FLOWOOD – When Jordan Thiering brings her baby son home from River Oaks Hospital in June, she’ll bring home something else: her placenta.
The delivery required a court order.
“Some people may say I’m crazy or don’t know what I’m doing,” the slender 25-year-old said, her fingers entwined beneath her enlarged belly. “But it’s about what I think is best for me and my baby. It’s part of my body and my right.”
The placenta is that blood-rich organ between mom and baby, which allows oxygen and nutrition exchange while the baby grows inside her.
Thiering, a Wisconsin native, joins a growing number of women across the U.S. who choose to keep their placentas for various purposes, including drying and processing into a powder to be swallowed in a gelatin capsule.
Some women believe the discarded tissue retains nutritional or hormonal value, which may ease post-partum depression, nausea, fatigue, discomfort with returning menstrual cycles or improve breast milk production.
Besides consuming the dehydrated tissue in a capsule, some women ingest it as food, such as in spaghetti sauce, place it in the hole when planting a commemorative tree or even impress it against art paper for a permanent image of its shape.

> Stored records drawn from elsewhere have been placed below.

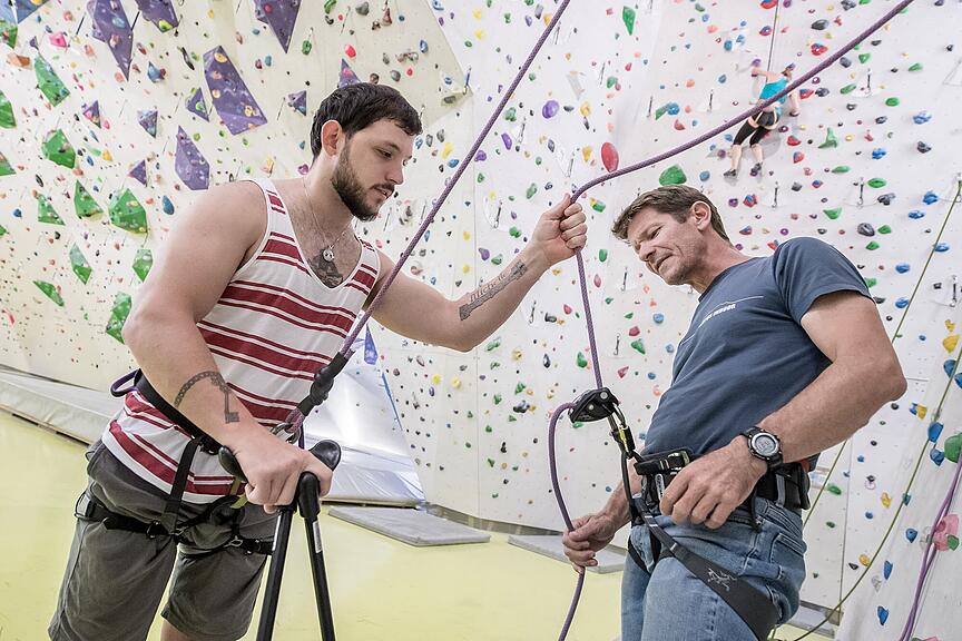 Als Olivier Ineichen mit seinen Krücken die Treppe zu den Kletterwänden herunter geht, verfolgen ihn erstaunte Augen. Sein heutiger Kletterpartner Daniel Spörli, Geschäftsführer von Pilatus Indoor, hilft ihm, den Klettergurt anzuziehen – das ist aber auch der einzige Unterschied zu den anderen Kletterern. Gegenseitig überprüfen sie einander. Dann klettert der 26-Jährige los, natürlich ohne seine Krücken. Behutsam und kontrolliert platziert er seine Füsse auf den Tritten. Daniel Spörli bemerkt:
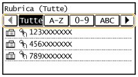 Visualizza le destinazioni con nomi dei destinatari che iniziano con le lettere corrispondenti a quelle della scheda selezionata.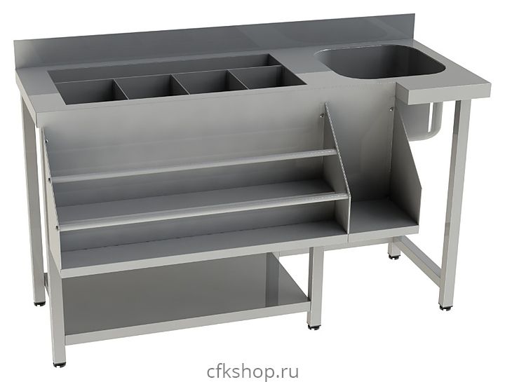 Коктейльная барная станция Restoinox БСНКМБ-15/6-БП2К предназначена для организации барного места на предприятиях общественного питания и торговли. Модель оснащена цельнотянутой мойкой, полкой, теплоизолированной ванной для льда, бортом и регулируемыми по высоте пластиковыми опорами. Ножки выполнены из квадратной трубы 40х40 мм нержавеющей стали AISI 430, столешница, мойка и полка - из нержавеющей стали AISI 430.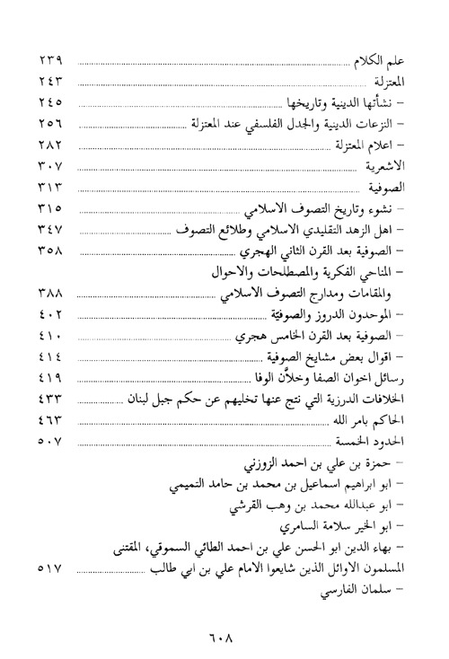 وتشتمل هذه الدراسة معلومات تاريخية موثقة عن دور من إعلام التوحيد كالخليفة الفاطمي الإمام الحاكم بأمر الله، والإمام حمزة بن علي بن أحمد، وسليمان الفارسي والأمير رافع أبي الليل الكلبي والمقداد بن الأسود الكندي، والأمير السيد عبد الله التنوخي.نبذة الناشر:يستند هذا الكتاب إلى أحداث ووثائق تاريخية، وإلى مصادر ومراجع لأكثر الباحثين والمؤرخين شهرة، ويحث القارئ على المتابعة وطلب الاستزادة، ومن ثم، الاستنتاج التاريخي. لقد استطاع المؤلف سليمان علم الدين أن يبسط، بدقة وإسهاب، مراحل مهمة من تاريخ الفكر العربي والإسلامي، وأن يبين بوضوح مناحي المدارس الفكرية، والمذاهب الفلسفية، والفرق الإسلامية التي أدى الاختلاف فيما بينها، في التفسير والشرح والرأي والمناظرة، إلى غنى حضاري أكيد.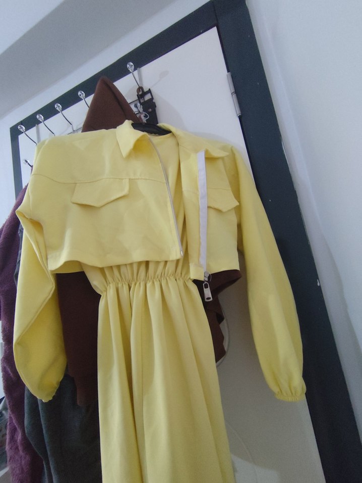 Sarı uzun, bol kesim hamile ceketi, yakalı ve askılı kollu, dökümlü tasarıma sahip sentetik kumaştan üretilmiştir. Minimalist pastel görünümüyle günlük sokak modasına uygundur.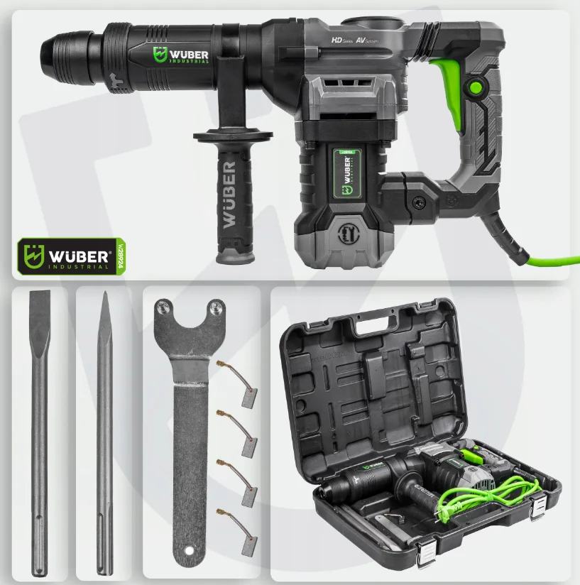 Відбійний молоток Wuber 1200Вт — потужний інструмент для демонтажу бетону. Має антивібраційну систему і зручну ручку.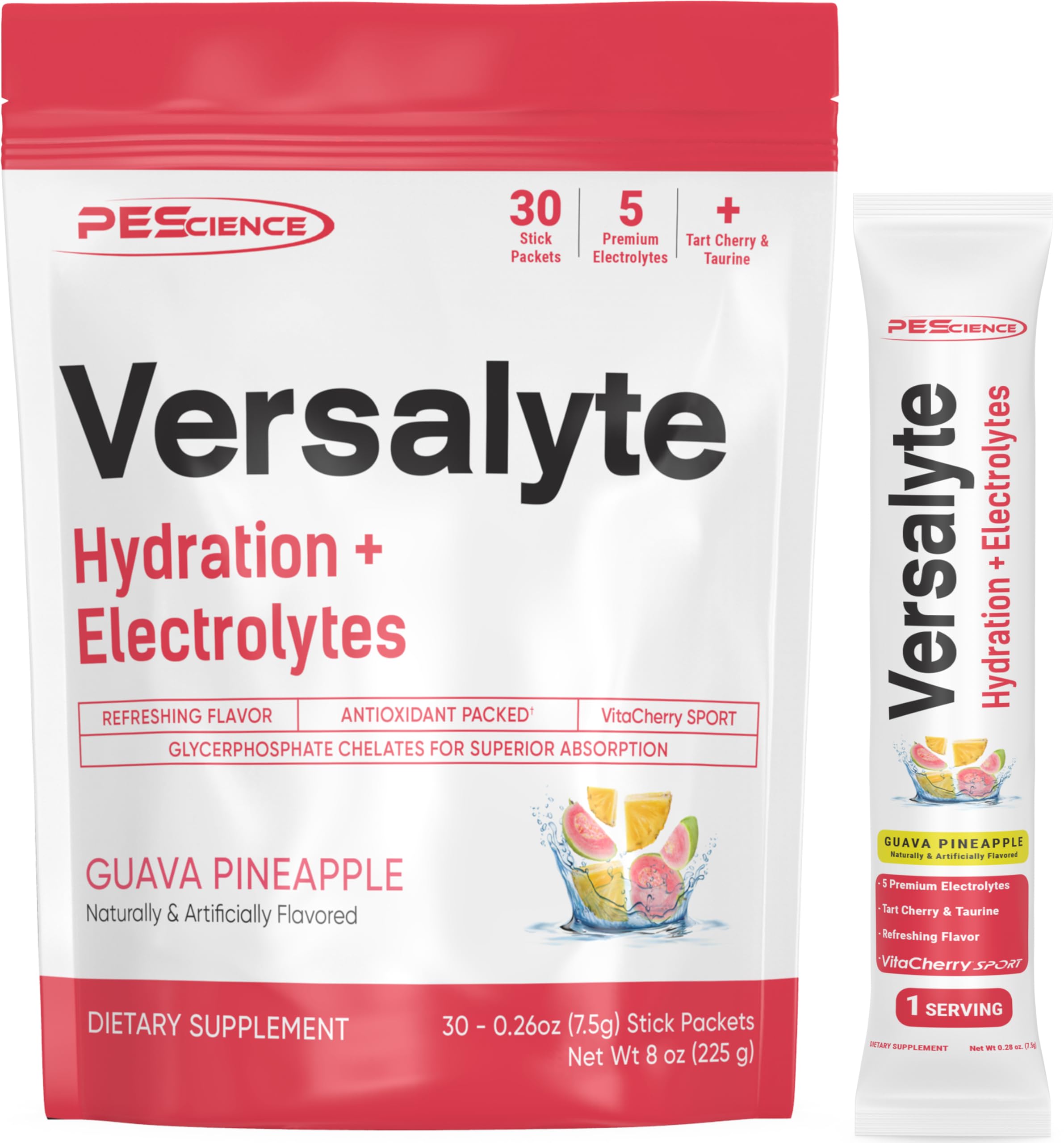 PEScience Versalyte Electrolyte Hydration Packets Sugar Free Electrolyte Powder with Magnesium Taurine Antioxidants Trace Minerals - Guava Pineapple 30 Servings

Some celebrities have embraced placenta consumption, such as January Jones from Mad Men who talked publicly about her placenta encapsulation and former Real Housewife Kim Zolciak, who drank a placenta smoothie in an episode of her spin-off reality show.

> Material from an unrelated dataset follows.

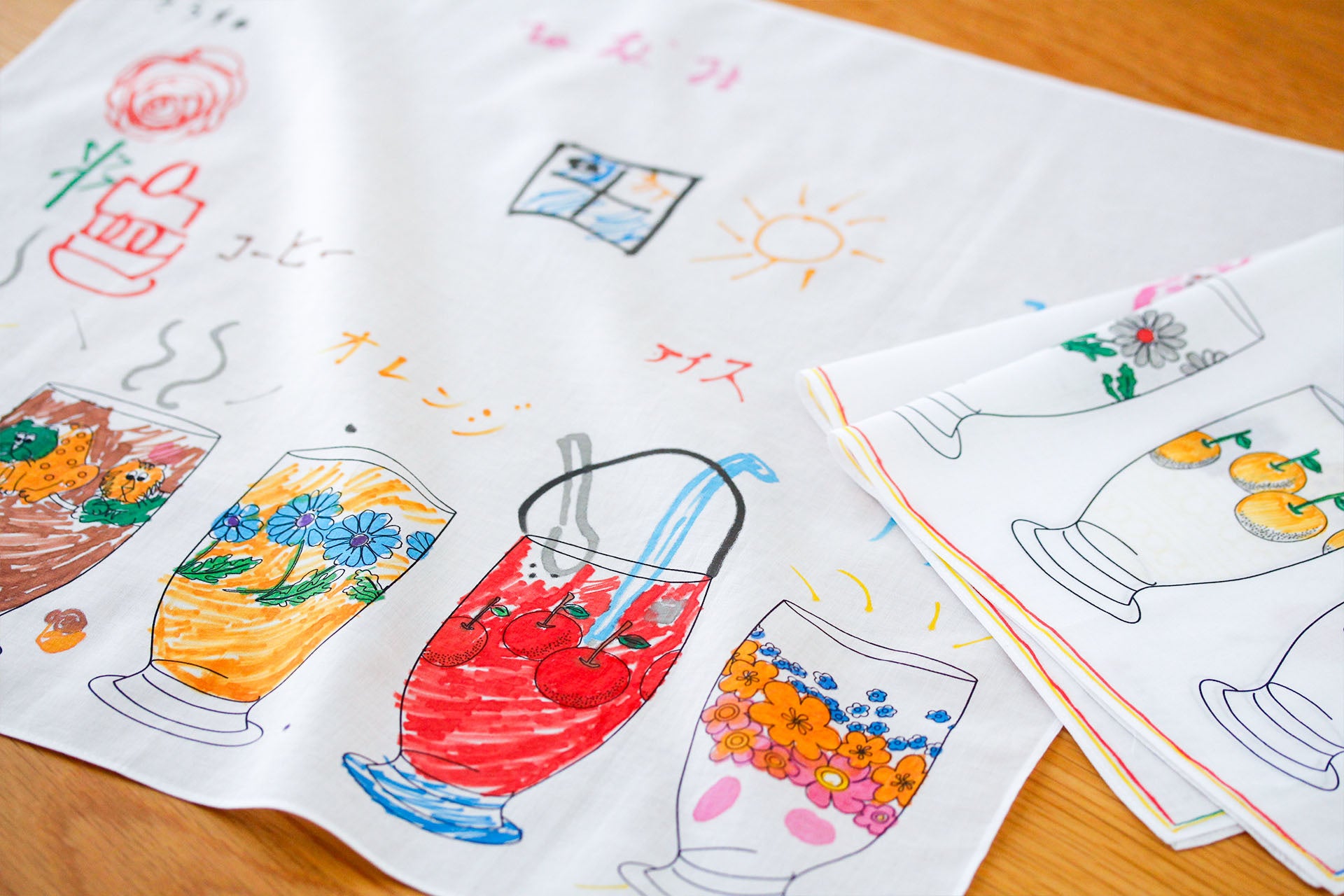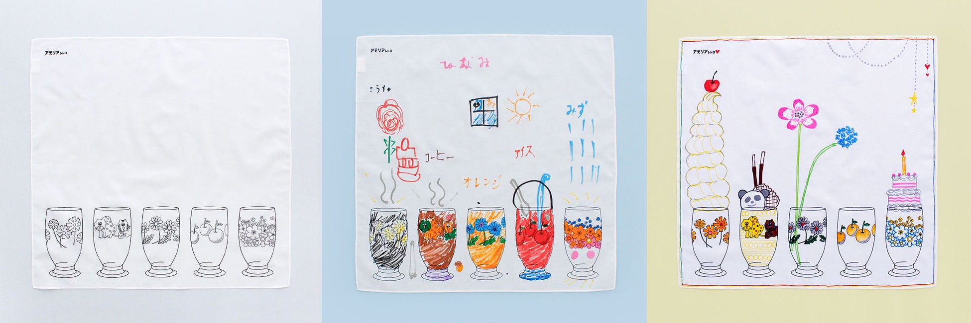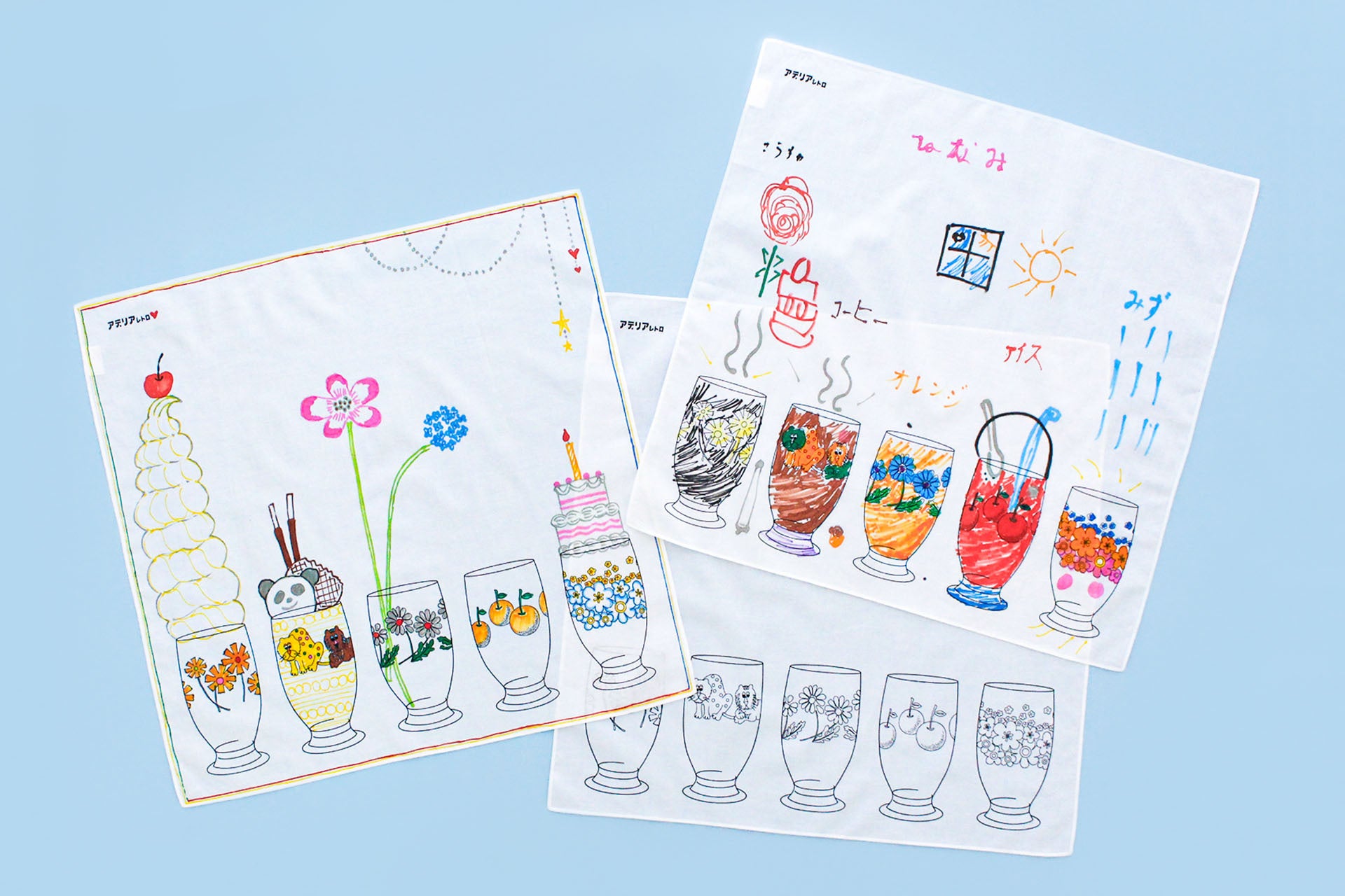 レトロで可愛らしい5つのグラスが描かれたオリジナルハンカチーフに、色を塗ったり絵を描き加えたり。世界にひとつだけの自分だけのハンカチーフをお作りいただけます。

In Mississippi, Thiering had to gain legal possession of her placenta.
She talked to her physician, Dr. Shea Moses, who suggested contacting the hospital about her wishes.
“They said I’d need a court order,” Thiering said. “It seemed a bit odd, since it’s my placenta.”

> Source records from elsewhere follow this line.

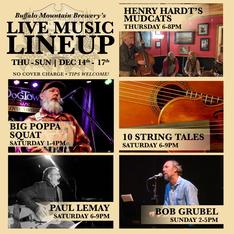 Buffalo Mountain Brewery presents Henry Hardt's Mudcats in concert on Thursday, December 14, 2023.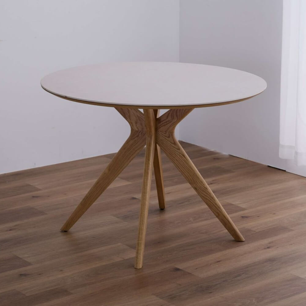 天板形状は正円で同じですが、脚のデザインが多岐にわたり個性が発揮されるのが円形ダイニングテーブルです。天板は天然木やメラミン化粧板、セラミックなどお部屋のインテリアに合わせてお選びください。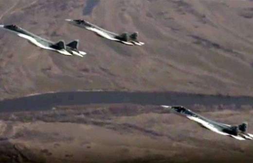 Потом пилот переводит камеру на левую сторону, где виден еще один самолет — это, как утверждается, стратегический ракетоносец Ту-95МС.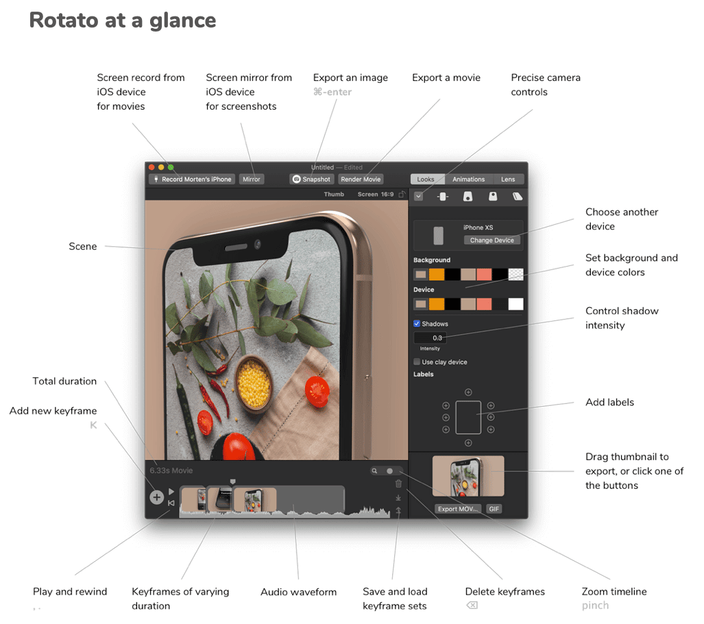 Eine solche Anwendung ist Rotato. Wie der Name schon vermuten lässt, ‚dreht‘ sich bei diesem Tool alles um bewegte Animationen verschiedener Devices, darunter iPhone, Apple Watch und Android-Phones. Mit Rotato soll es möglich sein, in nur wenigen Sekunden eindrucksvolle Mockups (als Bild- und Videodateien) zu kreieren. Deshalb stelle ich Euch die App und eine Auswahl der Funktionen vor.
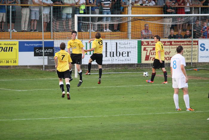 In der 31. Minute war der Bann jedoch gebrochen und die Gnaser konnten erstmals jubeln. Kniewallner setzte sich auf der rechten Seite durch, passte zur Mitte, Matthias Schadler legte zurück zum anstürmenden Christian Schadler, der mit einem wuchtigen Schuss von der Strafraumgrenze den gegnerischen Torhüter zum 1:0 bezwingen konnte.

But the River Oaks contact explained they must abide by a Mississippi Department of Health directive, which categorized placentas as biological waste.
Jacqueline Hammack, a 33-year-old Rankin County attorney and mother to an active 16-month-old named Morris, had met Thiering and other moms or moms-to-be on a Facebook site about birthing and breastfeeding issues.
“Jacqui said she would help,” Thiering said.
“I felt like, if this is the requirement, she needed some assistance,” Hammack recalled as they talked about the personal and legal journey in Thiering’s Flowood home near Ross Barnett Reservoir. “When it comes to court, you always fare better with representation.”
Seeking a court order for a placenta was something new for Hammack, although the novelty did not dissuade her.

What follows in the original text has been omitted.